In the video, Sportrock’s director of programs and events, Molly Donelan, completed a workout involving 100 squats, 100 shoulder taps, 100 squat jumps, and 100 mountain climbers. Sportrock encourages people to finish the challenge in 10 minutes or less.
Donelan, who says that she adopted the workout from a Spartan challenge, did it in 6 minutes and 40 seconds.
On a rainy Wednesday afternoon, I decided to give it a try. I rolled out my newly purchased yoga mat, hit the timer on my watch, and started the challenge.
About 30 squats in, I felt my quads begin to burn. I put my hands on my knees to catch my breath before continuing and, in all, it took me 2 minutes and 15 seconds to complete this portion of the challenge.
For the next set, I got in a pushup position on my mat and tapped my left shoulder with my right hand, and then my right shoulder with my left hand. I counted that as one repetition. This one hurt—a lot. I took about half a dozen breaks and finished the set in 3 minutes and 56 seconds.
I paced around the room and chugged a few gulps of water before heading into the squat jumps. Finishing in under 10 minutes appeared increasingly unlikely. I completed the squat jumps in 3 minutes and 31 seconds.
That left me with 17 seconds to do 100 mountain climbers.
With my legs fatigued and sweat collecting on my running cap, I powered through the set in 3 minutes and 48 seconds.
My total time: 13 minutes and 30 seconds.
Again, I questioned my fitness. But before my self esteem spiraled downward, I discovered that I did twice as many shoulder taps and mountain climbers than I needed to do. (Donelan counts each side as one rep.)
“You can take a couple minutes off,” she tells me with a laugh.

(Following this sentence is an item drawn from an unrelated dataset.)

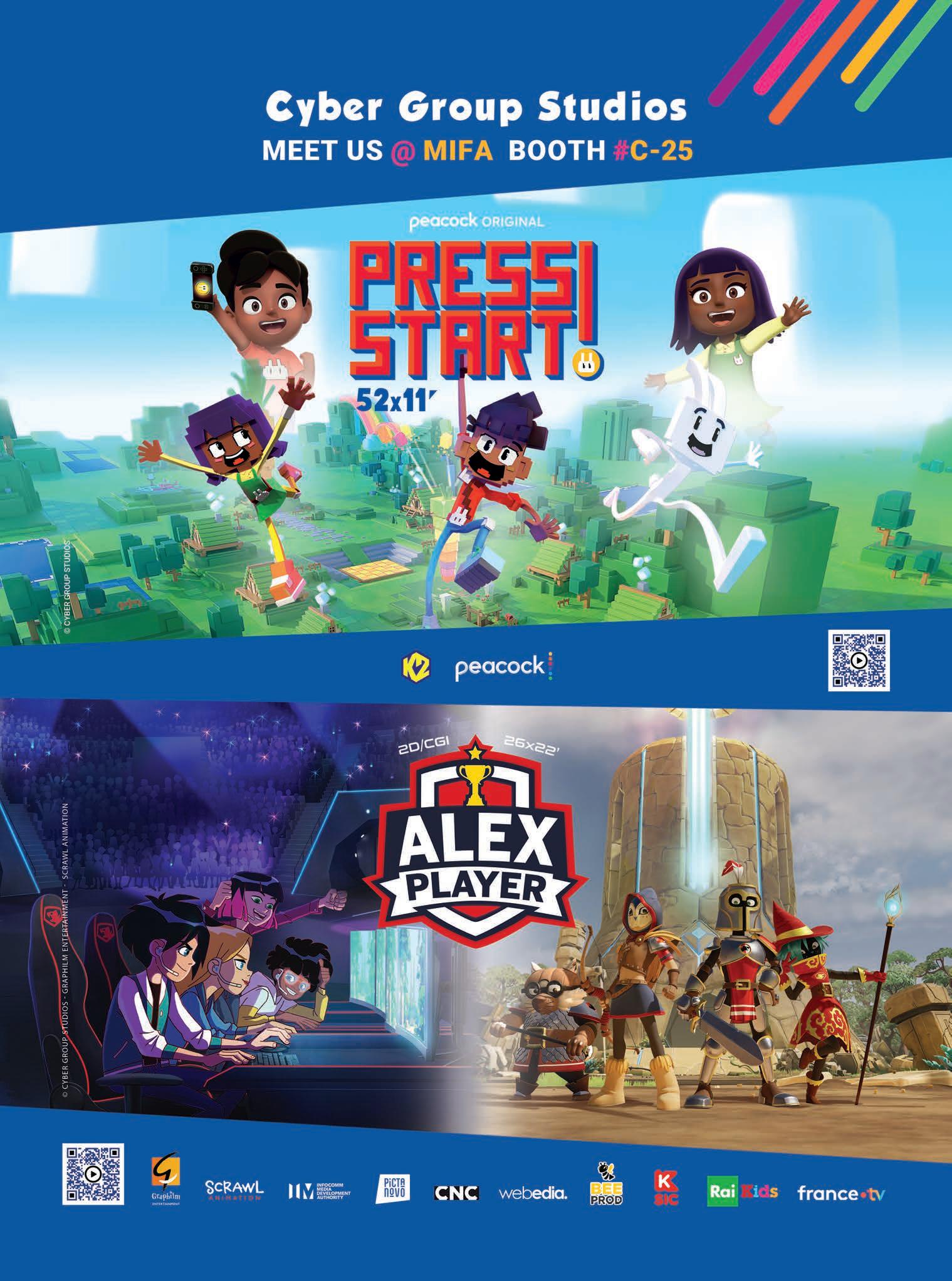 The CGI comedy-adventure Press Start!, part of the Cyber Group Studios slate, is based on a best-selling book series written and illustrated by Thomas Flintham that has sold more than 4 million copies worldwide. The show captures the wish-fulfillment of kids being able to have epic adventures inside a video game world alongside their best friend, who happens to be an iconic video game hero. Also video game related, Alex Player centers on an esports team that replaces its captain with a charismatic football player who emphasizes qualities of courage, perseverance and team spirit. The show is done in 2D and CGI and targets 6- to 10-year-olds. Cyber Group Studios also has a second season of Droners, featuring a high-tech adventure set in an eco-friendly world.

I breathed a sigh of a relief.
The challenge is just one of several that Sportrock plans to share with its followers and members. The climbing center, which has locations in Alexandria and Sterling, has been closed since March 17 and will not reopen until April 23 at the earliest due to a statewide order for non-essential businesses to shut down during the novel coronavirus pandemic.
Without access to climbing gyms and social restrictions in place, Donelan says it’s important for climbers to focus on what they can do. That means putting in cardio work in the form of biking or running and incorporating strength training. She suggests doing pull ups or wall hangs to work your back, core, shoulders, and arms.

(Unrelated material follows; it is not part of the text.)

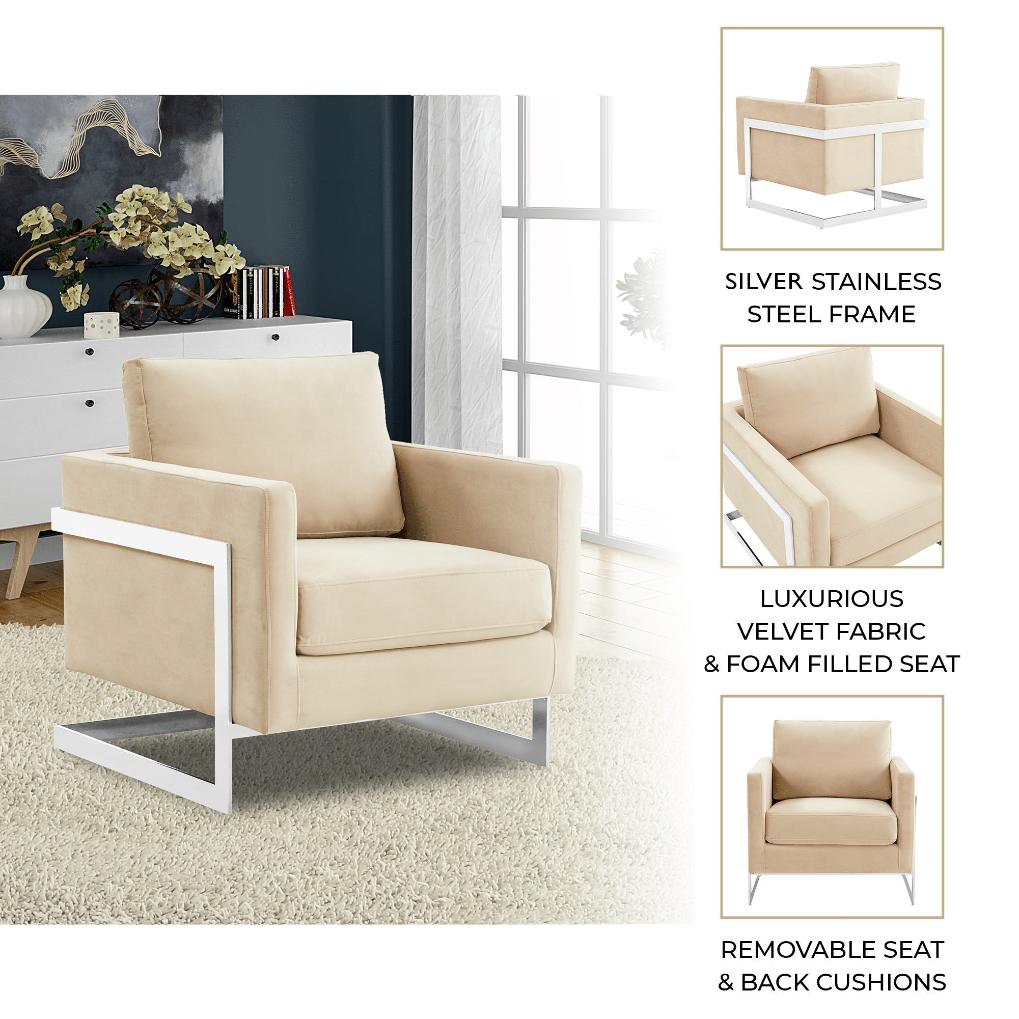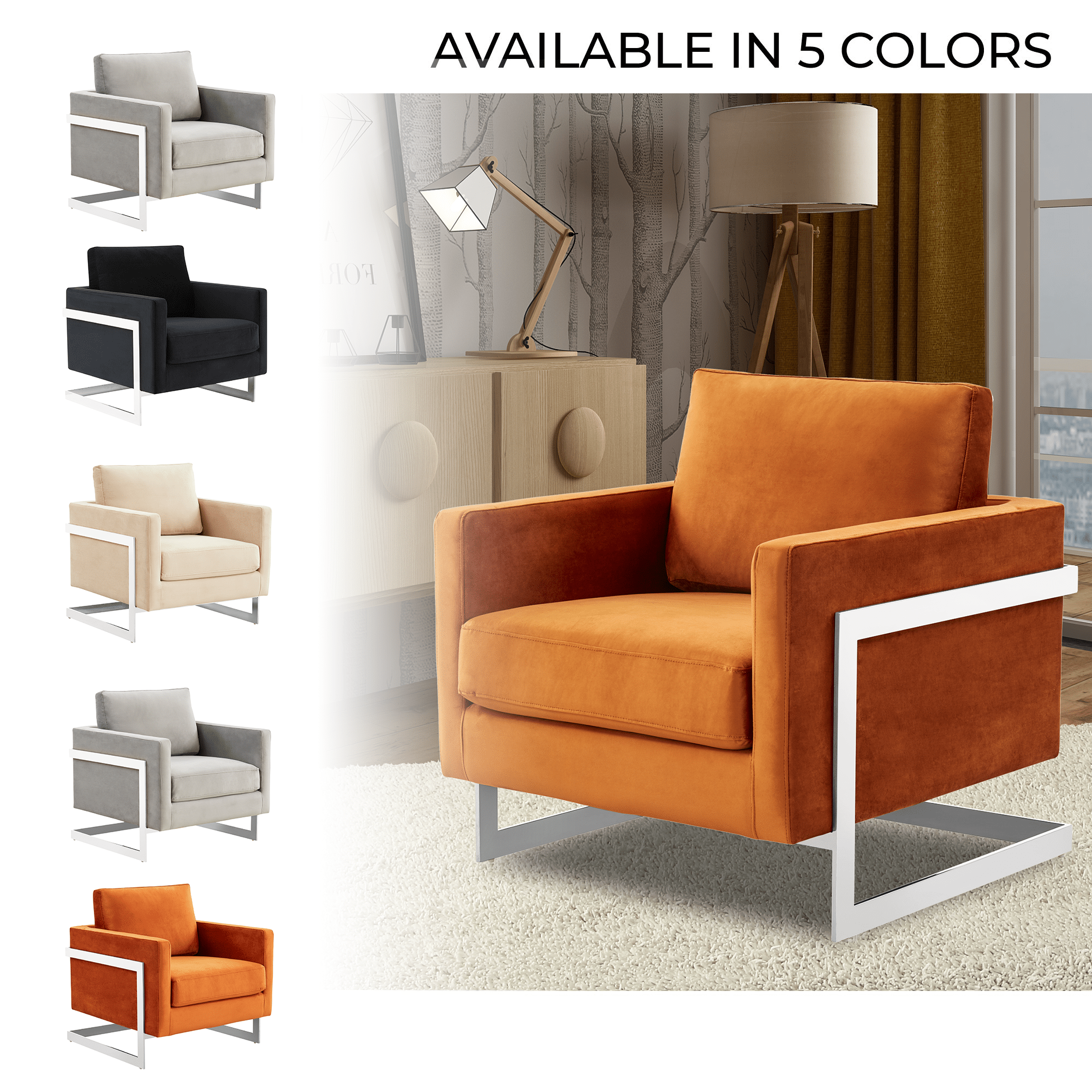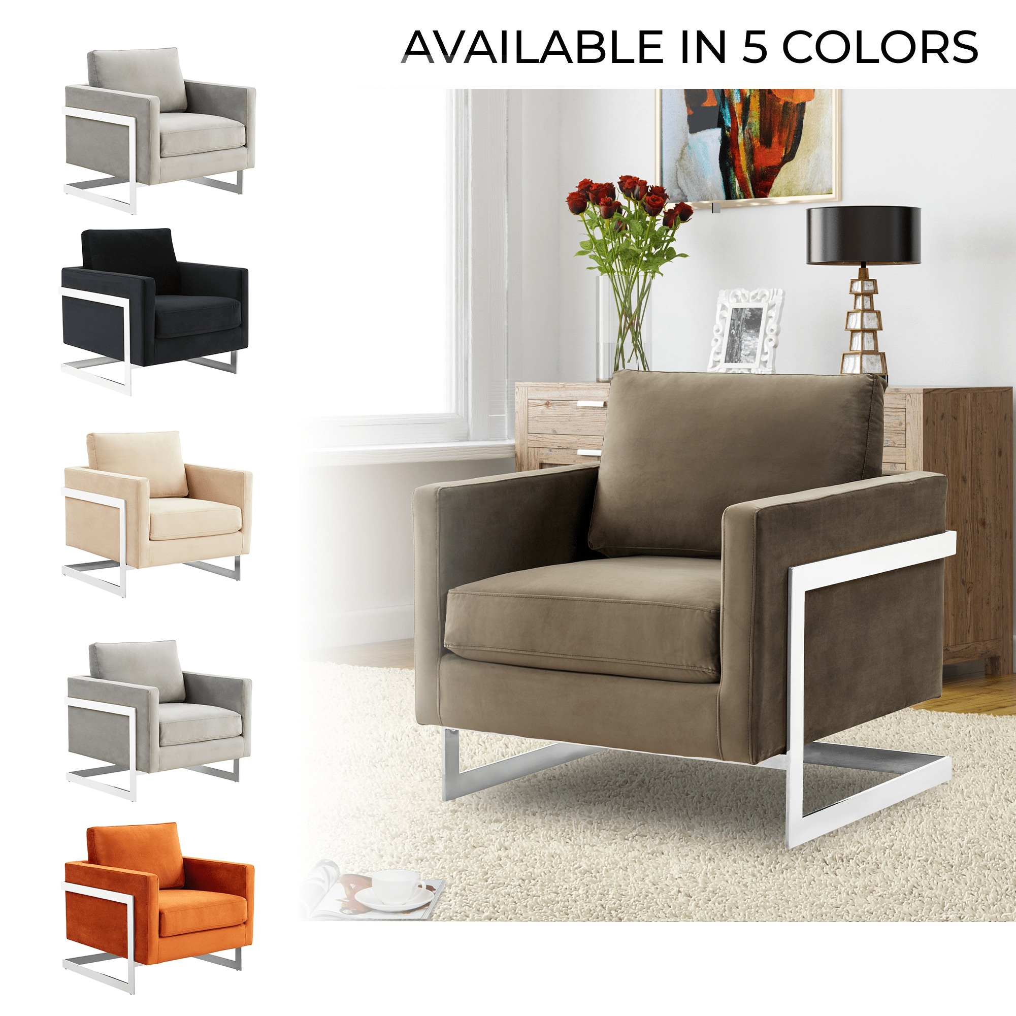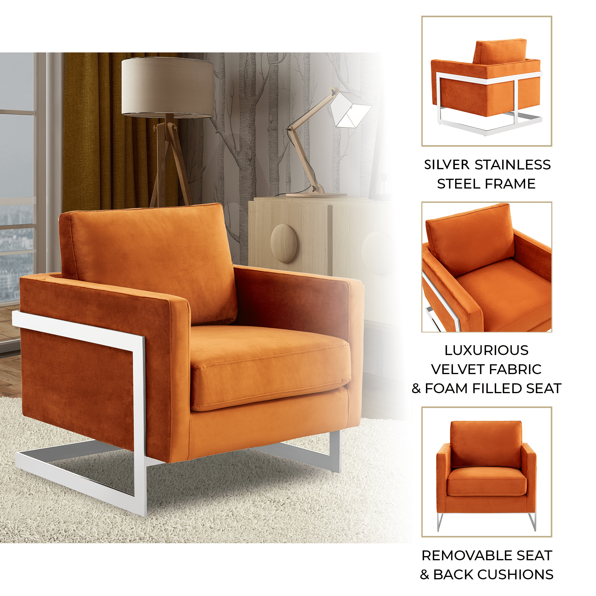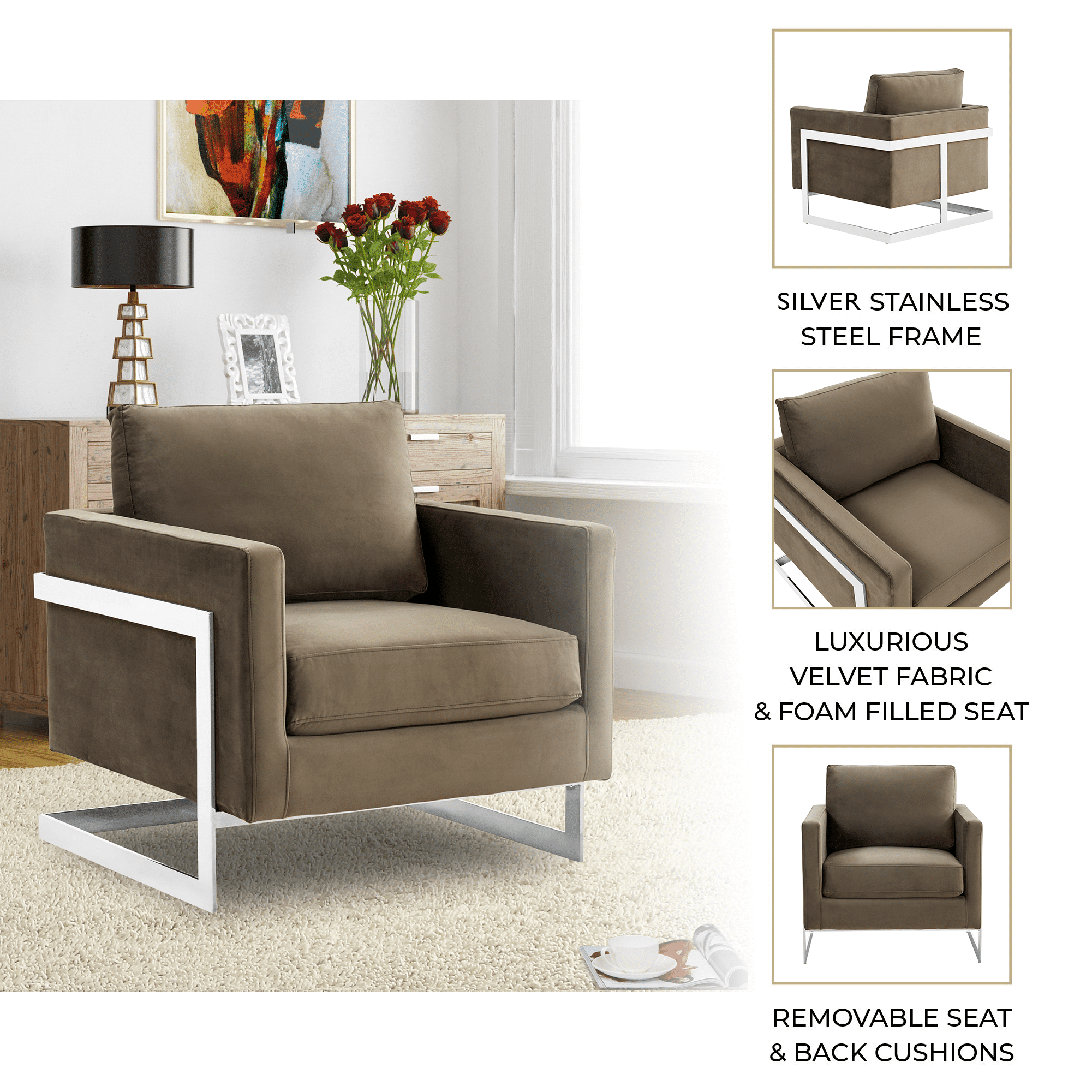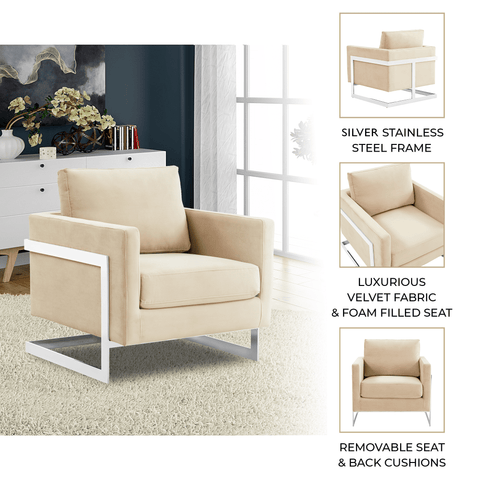 Lincoln Velvet Accent Armchair Singe-Seater Sofa with Chromed Stainles – Elax Furniture Skip to content

“A lot of climbers have hangboards and if they don’t, they’re probably using their doorframe,” Donelan says.
Sportrock plans to stream yoga sessions live on its website four to five times a week, and Donelan says she will post climbing-specific instructional workouts as well. The Instagram workout challenges will also continue. In the past week, Donelan says she’s been tagged “a hundred times” in the pushup challenge that’s been popular among CrossFit athletes and climbers. Those tagged must record themselves attempting a set number of pushups and post it on Instagram.

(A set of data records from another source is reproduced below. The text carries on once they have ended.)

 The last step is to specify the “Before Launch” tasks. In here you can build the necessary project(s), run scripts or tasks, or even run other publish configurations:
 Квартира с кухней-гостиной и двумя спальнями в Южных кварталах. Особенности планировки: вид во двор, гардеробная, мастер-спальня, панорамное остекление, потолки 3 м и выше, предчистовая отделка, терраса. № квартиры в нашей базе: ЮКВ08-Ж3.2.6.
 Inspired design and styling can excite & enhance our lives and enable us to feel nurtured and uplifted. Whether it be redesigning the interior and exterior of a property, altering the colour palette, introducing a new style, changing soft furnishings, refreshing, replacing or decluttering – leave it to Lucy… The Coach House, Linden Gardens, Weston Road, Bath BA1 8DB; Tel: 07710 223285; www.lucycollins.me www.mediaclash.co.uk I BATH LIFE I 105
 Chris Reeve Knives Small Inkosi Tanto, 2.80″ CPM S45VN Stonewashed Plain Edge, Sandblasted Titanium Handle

Without a physical community, climbers have used these challenges as a way to stay in touch.
“It’s two highly addictive sports, and we both have close knit communities,” Donelan says of rock climbing and CrossFit. “That’s hard to lose and so that’s why we’re doing so many virtual workouts. We’re very competitive, same with CrossFit. Challenging friends to pushups, that takes three minutes and you get to connect with people.”